---
title: "Diagnose errors with traces | Grafana Tempo documentation"
description: "Learn how tracing data can help you understand application insights and performance as well as triaging issues in your services and applications."
---

# Diagnose errors with traces

Traces allow you to quickly diagnose errors in your application, ensuring that you can perform Root Cause Analysis (RCA) on request failures. Trace visualizations help you determine the spans in which errors occur, along with the context behind those errors, leading to a lower mean time to repair.

## Meet Handy Site Corp

Handy Site Corp, a fake website company, runs an e-commerce application that includes user authentication, a product catalog, order management, payment processing, and other services.

Handy Site’s operations team receives several alerts for their error service-level objectives, or SLOs, for monitored endpoints in their services. Using their Grafana dashboards, they notice that there are several issues. The dashboard provides the percentages of errors:

More than 5% of the requests from users are resulting in an error across several endpoints, such as `/beholder`, `/owlbear`, and `/illithid`, which causes a degradation in performance and usability. It’s imperative for the operations team at Handy Site to quickly troubleshoot the issue. The elevated error rates indicate that the Handy Site is unable to provide valid responses to their users’ requests, which in addition to threatening the operation team’s SLO error budget also affects profitability overall for Handy Site.

## Use TraceQL to query data

Tempo has a traces-first query language, [TraceQL](/docs/tempo/latest/traceql/), that provides a unique toolset for selecting and searching tracing data. TraceQL can match traces based on span and resource attributes, duration, and ancestor&lt;&gt;descendant relationships. The language also can compute aggregate statistics, such as `rate` over a set of spans.

Handy Site’s has instrumented their services and applications for tracing, so they can use TraceQL as a debugging tool. Using three TraceQL queries, the team identifies and validates the root cause of the issue.

### Find HTTP errors

The top-level service, `mythical-requester` receives requests and returns responses to users. When it receives a request, it calls numerous downstream services whose responses it relies on to send a response to the user request. Using Grafana Explore, the operations team starts with a simple TraceQL query to find all traces from this top-level service, where an HTTP response code sent to a user is `400` or above. Status codes in this range include `Forbidden`, `Not found`, `Unauthorized`, and other client and server errors.

traceql ![Copy code to clipboard](/media/images/icons/icon-copy-small-2.svg) Copy

```traceql
{ resource.service.name = "mythical-requester" && span.http.status_code >= 400 } | select(span.http.target)
```

Adding the `select` statement to this query (after the `|`) ensures that the query response includes not only the set of matched spans, but also the `http.target` attribute (for example, the endpoints for the SaaS service) for each of those spans.

### Pinpoint the error

Looking at the set of returned spans, the most concerning ones are those with the `HTTP 500` status code. Those are internal server errors.

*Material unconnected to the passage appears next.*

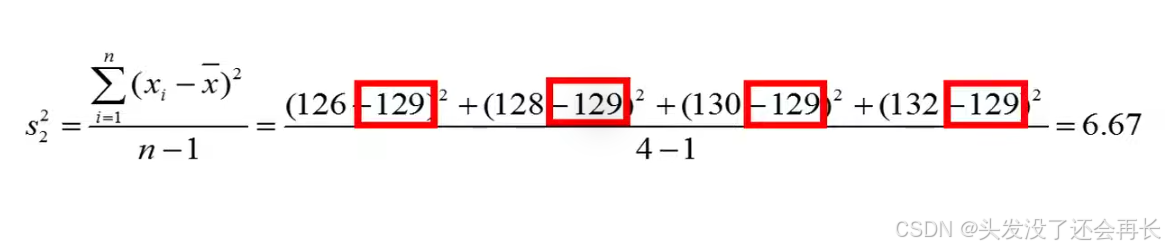 size since we have four observations from each group our two groups have the same sample size. X bar 1 denotes a sample mean of group 1, X bar 2 denotes a sample mean of group 2, so numerator represents the difference between two groups . S1 represents the sample variance of group 1, S2 represents the sample variance of group 1, the n1 and n2 denote the sample size of group 1 an group 2.
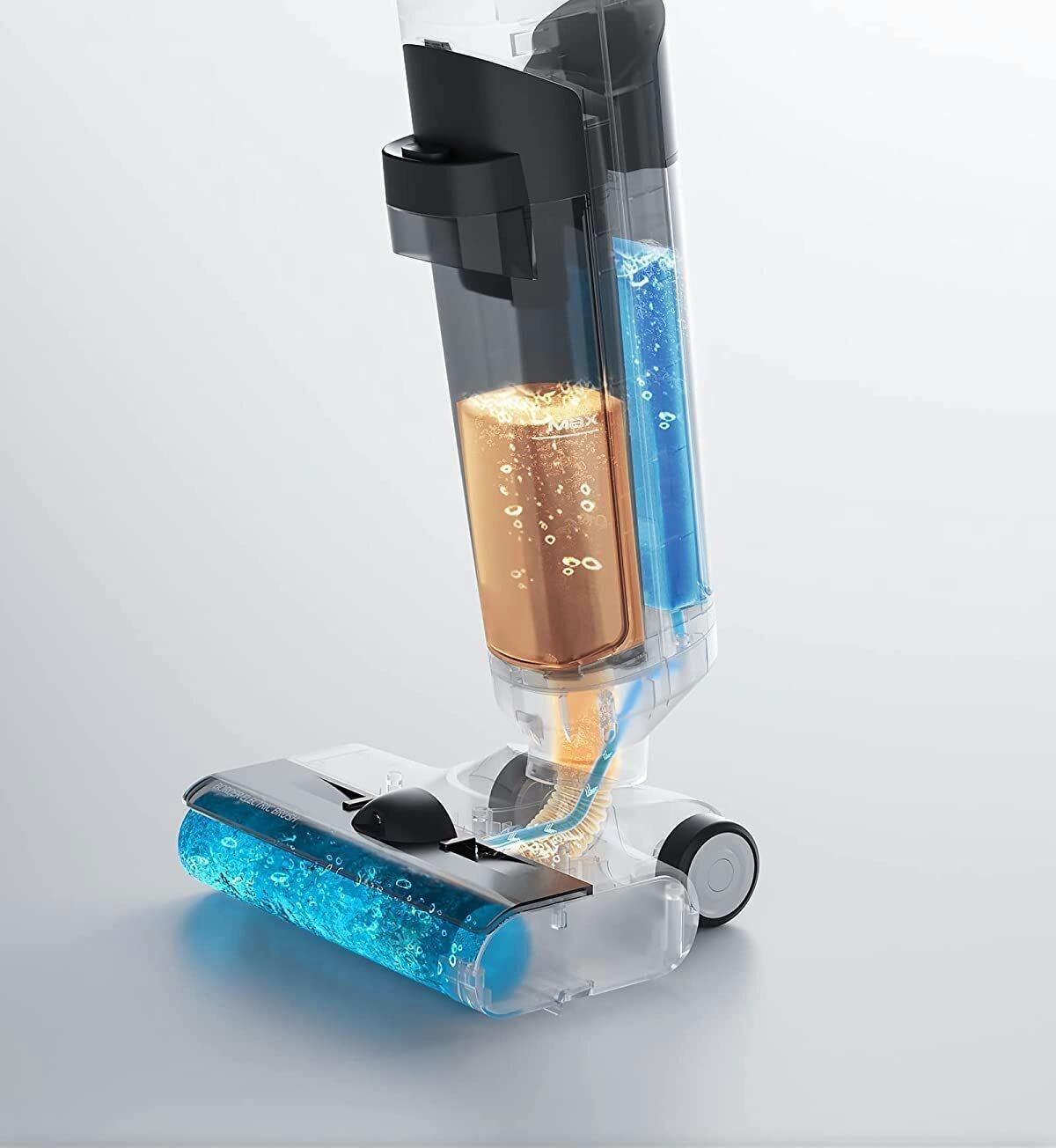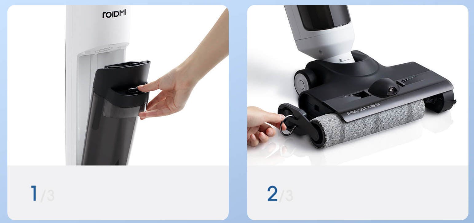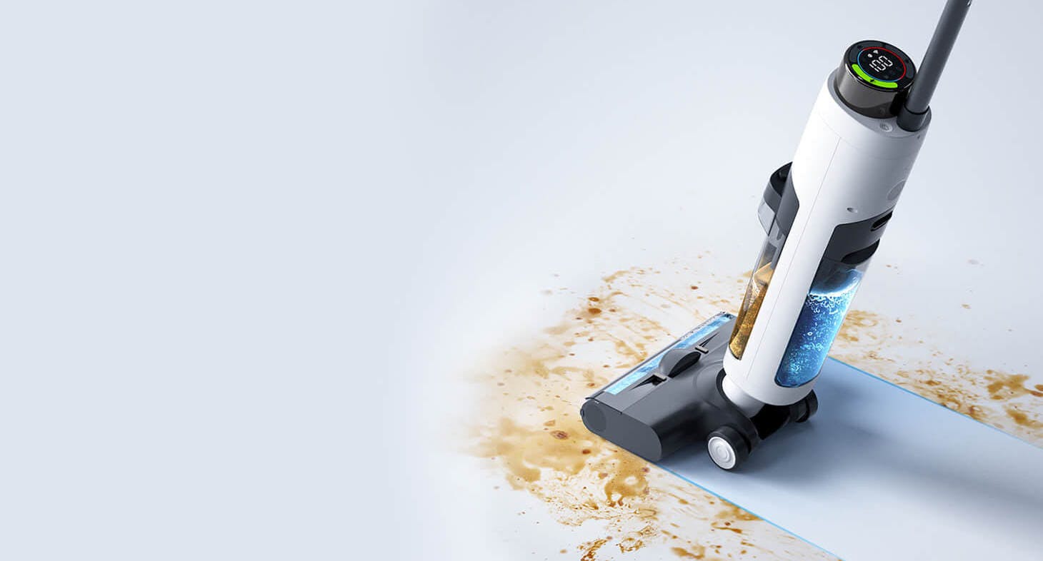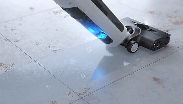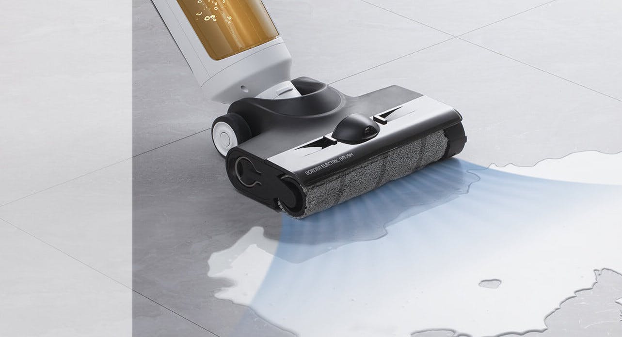 「ROIDMI NEO」は、強力な吸引力と乾湿両対応のブラシヘッドでゴミと水分を一緒に吸い取ることも可能。さらに、その後のモップがけ(拭き掃除)や除菌まで同時に行うことができるため、床掃除の手間が格段に減らせます。

The team decides to use structural operators to follow an error chain from the top-level `mythical-requester` service to any descendant spans that also have an error status. Descendant spans can be any span that’s descended from the parent span, such as a child or a further child at any depth. Using this query, the team can pinpoint the downstream service that might be causing the issue. The query below says “Find spans where `status = error` that are descendants of spans from the `mythical-requester` service that have status code `500`.”

traceql ![Copy code to clipboard](/media/images/icons/icon-copy-small-2.svg) Copy

```traceql
{ resource.service.name = "mythical-requester" && span.http.status_code = 500 } >> { status = error }
```

Expanding the span with errors that’s a descendant of the span for the `mythical-server` service shows the team that there is a problem with the data inserted into the database. Specifically, the service is passing a `null` value for a column in a database table where `null` values are invalid.

### Verify root cause

After identifying the specific cause of this internal server error, the team wants to know if there are errors in any database operations other than the `null` `INSERT` error found above. Their updated query uses a negated regular expression to find any spans where the database statement either doesn’t exist, or doesn’t start with an `INSERT` clause. This should expose any other issues causing an internal server error and filter out the class of issues that they already diagnosed.

traceql ![Copy code to clipboard](/media/images/icons/icon-copy-small-2.svg) Copy

```traceql
{ resource.service.name = "mythical-requester" && span.http.status_code = 500 } >> { status = error && span.db.statement !~ "INSERT.*" }
```

This query yields no results, suggesting that the root cause of the issues the operations team are seeing is exclusively due to the failing database `INSERT` statement. At this point, they can roll back to a known working version of the service, or deploy a fix to ensure that the service rejects `null` data appropriately. After it completes, the team marks the issue resolved. The Handy team’s error rate SLI should return back to acceptable levels.